At the end of everything, there stands oblivion. We come into this life aware that it will one day end—that, like all matter that has come before and after us, we too will one day leave the way we came in. Bittersweet as it may be to not know what’s waiting for us, if anything, on the other end is a truth that the Suborbitals have learned to embrace with a warm greeting on their new album. Aptly titled Hey Oblivion, it’s a comfortingly bittersweet affair that greets death as it is—a natural part of life—as something sad, but not without its beauty. The band detailed in a Monterey County Weekly piece that the album also takes on the concept of failure and its inevitability, citing it as perhaps even “holier than success.”
Where Hey Oblivion’s concept is the bread, its music sure is the butter. You don’t necessarily have to go about things dead-on artfully to craftily philosophize, but magic tends to be made when these elements go hand-in-hand. Resultantly, the Suborbitals have developed something nothing short of beauteous and captivating. It’s perhaps best described as alternative rock, but there is so much sensory wonder to take in here that fitting it into any box would be a disservice.

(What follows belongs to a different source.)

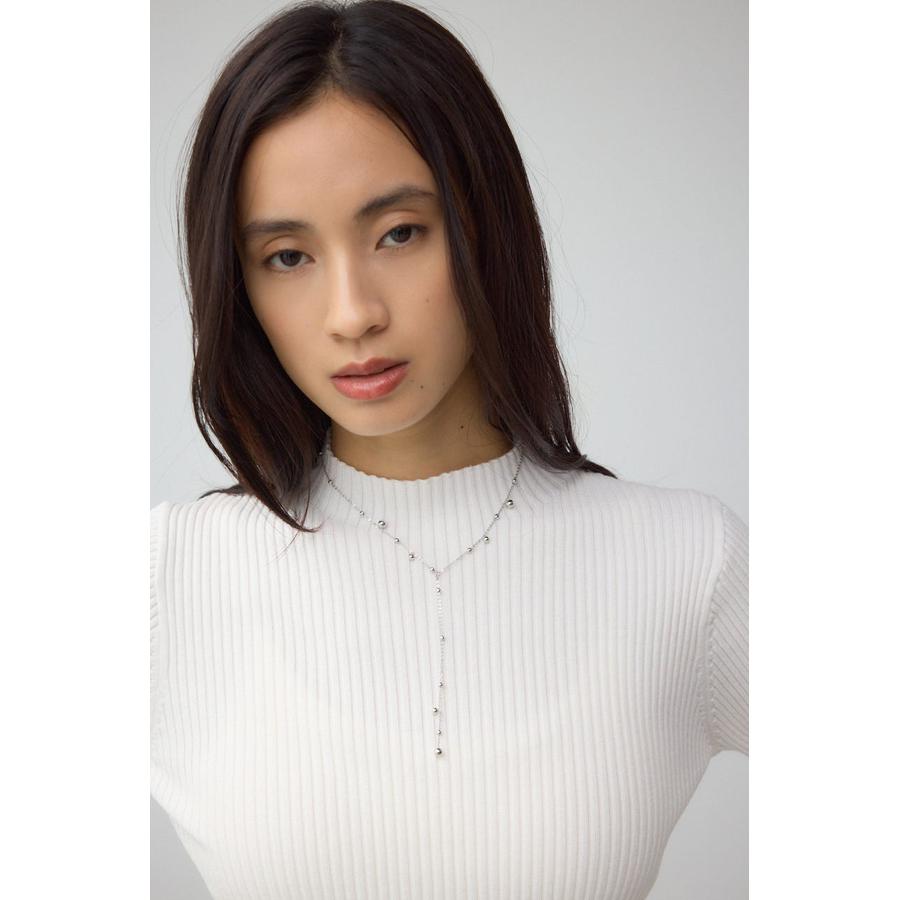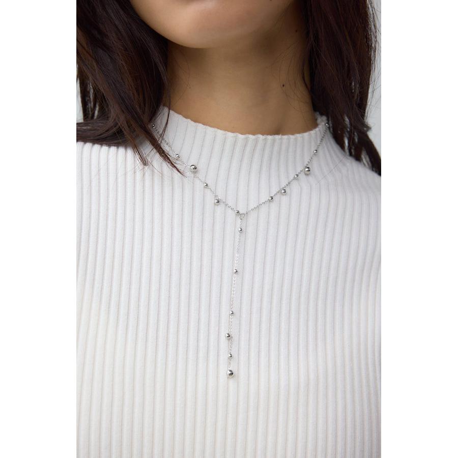 メタルの粒モチーフを等間隔にあしらったY字シルエットが特徴的な1連ネックレス。

Most redolently, tones of jazz and punk wash over the scene, bringing a winning combination of precision, wit, and heart to proceedings. Little have contemporary bands evoked something similar to the orchestral mysticism of outlets like Jethro Tull, but the Suborbitals manage to make it work with this exemplary showcase of musical smarts and heartfelt sentiment. More than anything, Hey Oblivion is an album with a resonant concept that can relate itself to any listener, and that extends to its ravishing showcase of sheer musicality. There’s something for everyone in this brilliantly varied, simultaneously cohesive as elements of jazz and gypsy swing meet revolution in the form of folk and punk.